### [EXERCISE DETAILS]
Pictures stay out of the copy, and everything else in the data below is repeated exactly.

### [INPUT DATA]
= = = =

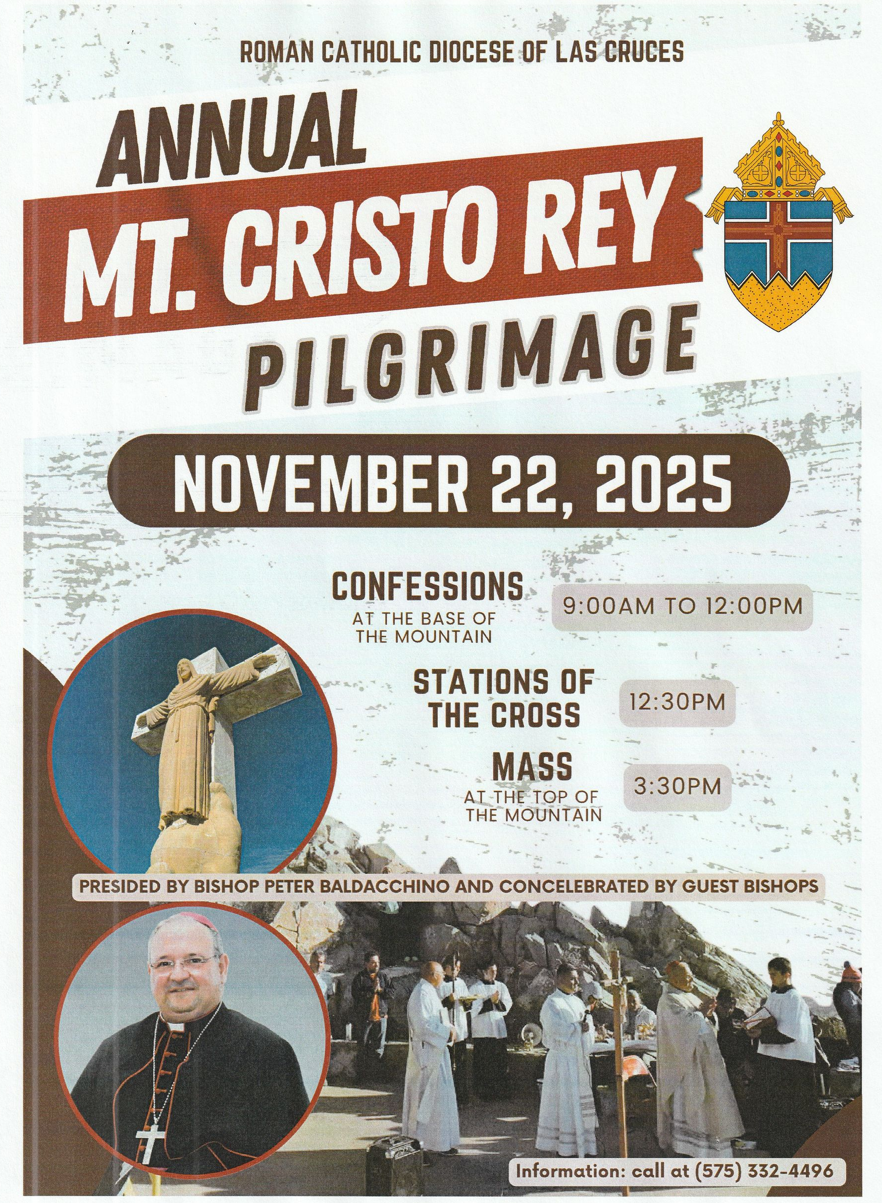1. We are upgrading our parish data of registered parishioners. Please remember to register or re-register your family. The new registration form is available in the back of the church and on the parish website. 2. The Altar & Rosary annual Bazaar and Bake Sale will continue tomorrow/today from 9 AM to 1 PM. They still have raffle tickets available; the raffle will take place at 1 PM. Stop by and enjoy a cup of coffee or tea and have your picture taken with St. Nick. 3. Tomorrow/today will be the last NMMI Mass until January 11. 4. For everyone interested in joining the pilgrimage organized by Fr. Patrick, there will be a meeting on November 20 at 6:30 PM in St. Peter’s community room. 5. The annual Mt. Cristo Rey Pilgrimage is scheduled for Saturday, November 22, in Sunland Park, NM. Please see the flyer for more information.
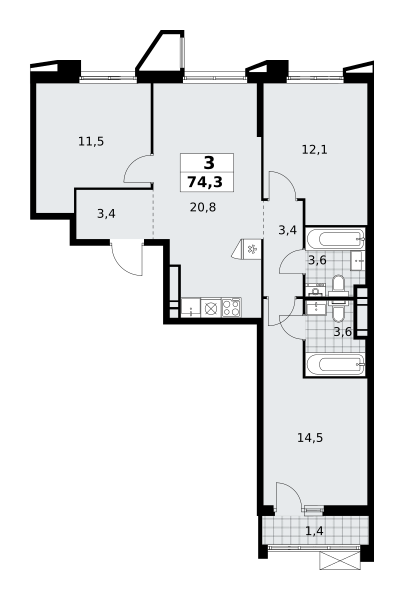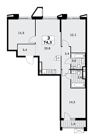 Купить 3к квартиру 74 м² в ЖК Прокшино
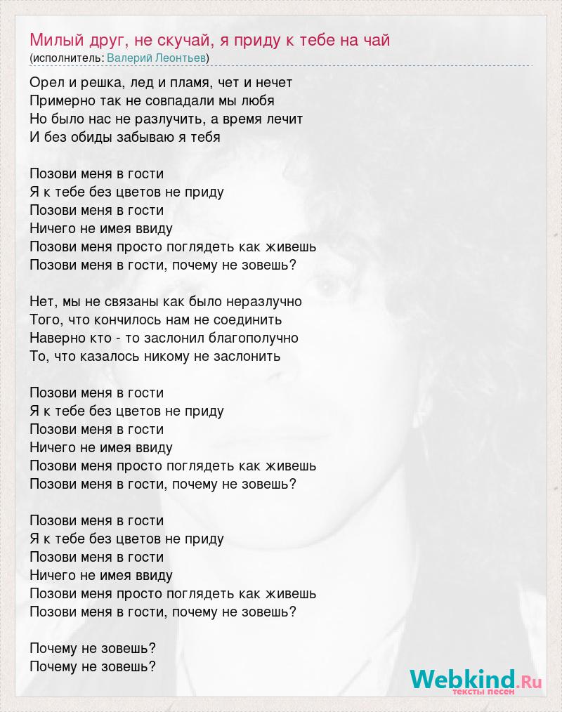 Орел и решка, лед и пламя, чет и нечет Примерно так не совпадали мы любя Но было нас не разлучить, а время лечит И без обиды забываю я тебя Позови меня в гости Я к тебе без цветов не приду Позови меня в гости Ничего не имея ввиду Позови меня просто поглядеть как живешь Позови меня в гости, почему не зовешь? Нет, мы не связаны как было неразлучно Того, что кончилось нам не соединить Наверно кто - то заслонил благополучно То, что казалось никому не заслонить Позови меня в гости Я к тебе без цветов не приду Позови меня в гости Ничего не имея ввиду Позови меня просто поглядеть как живешь Позови меня в гости, почему не зовешь? Позови меня в гости Я к тебе без цветов не приду Позови меня в гости Ничего не имея ввиду Позови меня просто поглядеть как живешь Позови меня в гости, почему не зовешь? Почему не зовешь? Почему не зовешь?

= = = =

### [ANSWER SPACE]
1. We are upgrading our parish data of registered parishioners. Please remember to register or re-register your family. The new registration form is available in the back of the church and on the parish website. 2. The Altar & Rosary annual Bazaar and Bake Sale will continue tomorrow/today from 9 AM to 1 PM. They still have raffle tickets available; the raffle will take place at 1 PM. Stop by and enjoy a cup of coffee or tea and have your picture taken with St. Nick. 3. Tomorrow/today will be the last NMMI Mass until January 11. 4. For everyone interested in joining the pilgrimage organized by Fr. Patrick, there will be a meeting on November 20 at 6:30 PM in St. Peter’s community room. 5. The annual Mt. Cristo Rey Pilgrimage is scheduled for Saturday, November 22, in Sunland Park, NM. Please see the flyer for more information.
 Купить 3к квартиру 74 м² в ЖК Прокшино
 Орел и решка, лед и пламя, чет и нечет Примерно так не совпадали мы любя Но было нас не разлучить, а время лечит И без обиды забываю я тебя Позови меня в гости Я к тебе без цветов не приду Позови меня в гости Ничего не имея ввиду Позови меня просто поглядеть как живешь Позови меня в гости, почему не зовешь? Нет, мы не связаны как было неразлучно Того, что кончилось нам не соединить Наверно кто - то заслонил благополучно То, что казалось никому не заслонить Позови меня в гости Я к тебе без цветов не приду Позови меня в гости Ничего не имея ввиду Позови меня просто поглядеть как живешь Позови меня в гости, почему не зовешь? Позови меня в гости Я к тебе без цветов не приду Позови меня в гости Ничего не имея ввиду Позови меня просто поглядеть как живешь Позови меня в гости, почему не зовешь? Почему не зовешь? Почему не зовешь?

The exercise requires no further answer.